Effective house rules cover seven things: quiet hours, smoking and vaping, pets, a clear no-parties policy, the maximum number of guests, the check-out tasks you expect, and how damages are handled. Keep each to a line or two, frame them positively, and make times and limits specific rather than vague.
How do I write house rules that guests actually follow?
Be specific and friendly. “Quiet hours 10 PM–8 AM, this is a residential building” works better than “please be respectful”. Keep the whole list short — guests skim — and lead with the reasoning (happy neighbors, keeping the home nice) rather than threats. Rules guests can read on their phone during the stay, not just at booking, get followed far more often.
Are Airbnb and vacation rental house rules legally enforceable?
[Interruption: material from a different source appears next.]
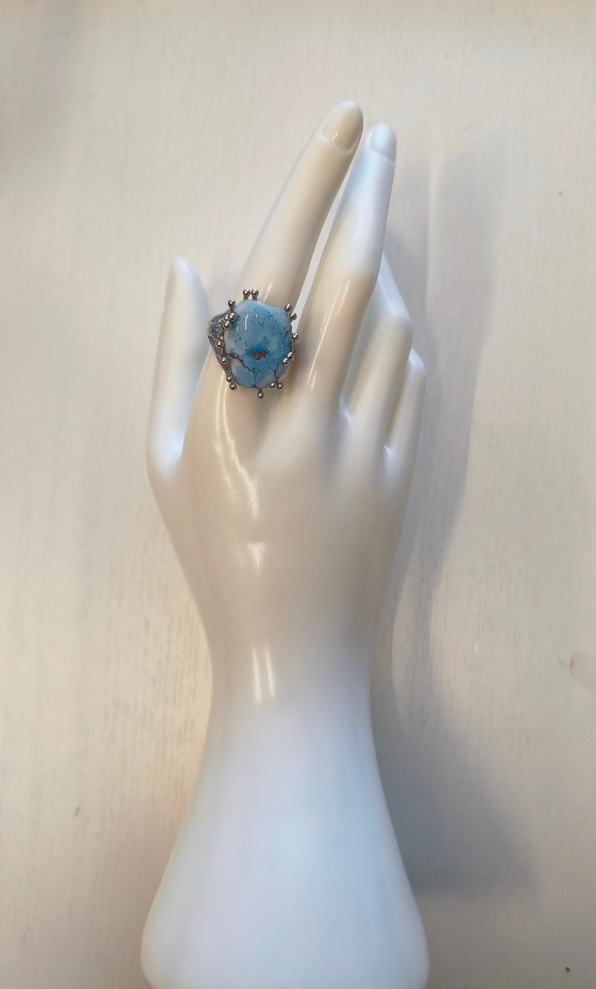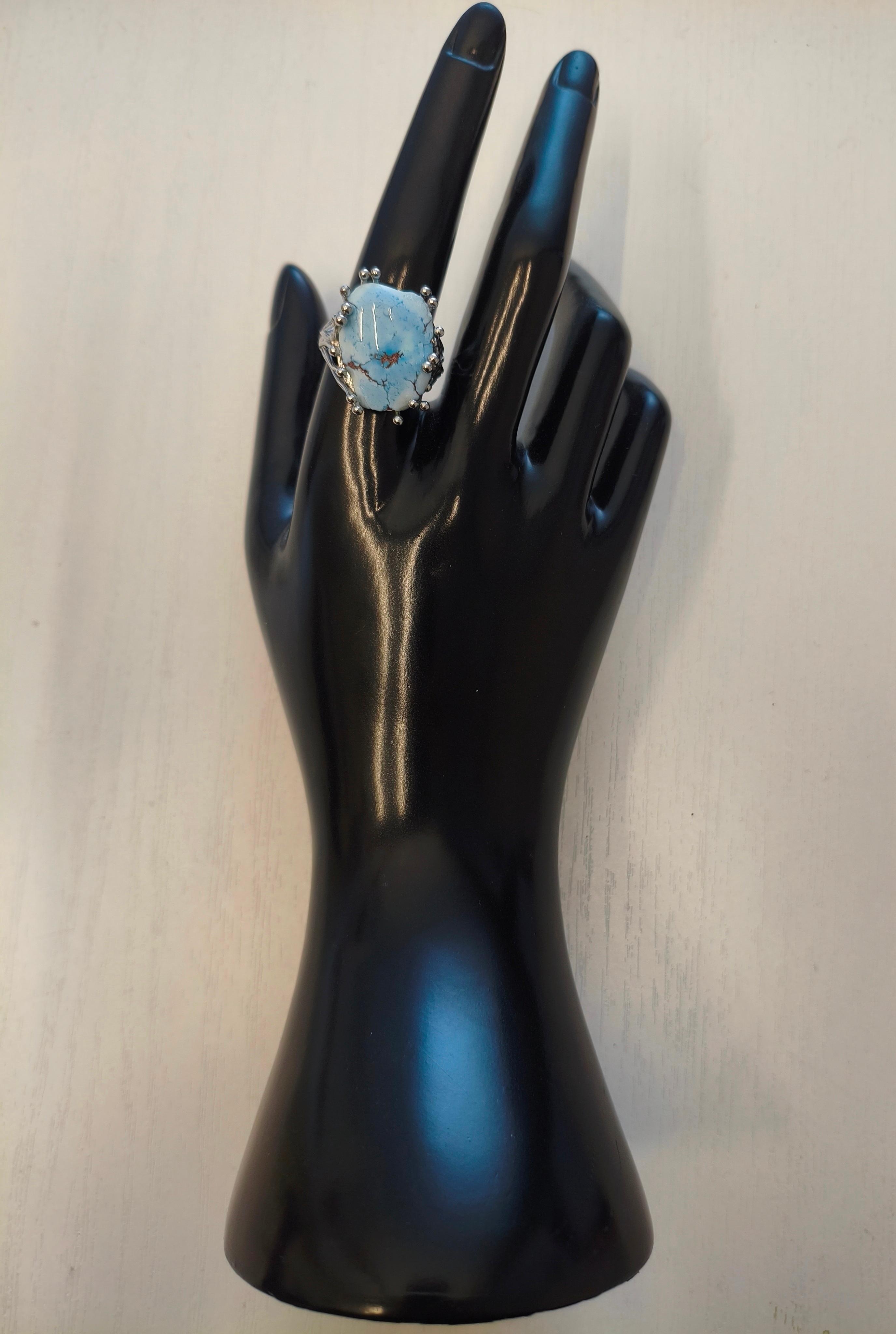 Кольцо «Бирюза светлая» Натуральная бирюза (редкий цвет) 20,7*16*4,5 мм мм /безразмерное/латунь – родиевое покрытие S925 #значение Голубая бирюза: мир, доверие, исцеление, укрепление дружбы и партнёрства.

House rules that a guest agrees to when booking are part of your agreement, and major platforms will generally support you on clear, reasonable rules like no parties, no smoking, and a guest limit — but only if the rule was stated in advance. Vague or after-the-fact rules are hard to enforce. Always write them into your listing and welcome materials before the stay.
Should house rules be a separate document or part of my welcome guide?
Both. List them in your platform's House Rules field so guests accept them at booking, and repeat them inside the property in your welcome guide so they're visible during the stay. A digital welcome page — opened from a QR code by the door or a link — always shows the current rules and can be auto-translated for international guests, which a printed sheet or PDF can't.
How many house rules should a vacation rental have?
Enough to cover quiet hours, smoking, pets, parties, guest limits, check-out and damages — usually seven short sections. Resist adding a rule for every past bad experience: an overwhelming list gets ignored and makes the stay feel unwelcoming. Cover what matters, keep the tone warm, and put the details guests need day-to-day (Wi-Fi, appliances) in your welcome guide instead.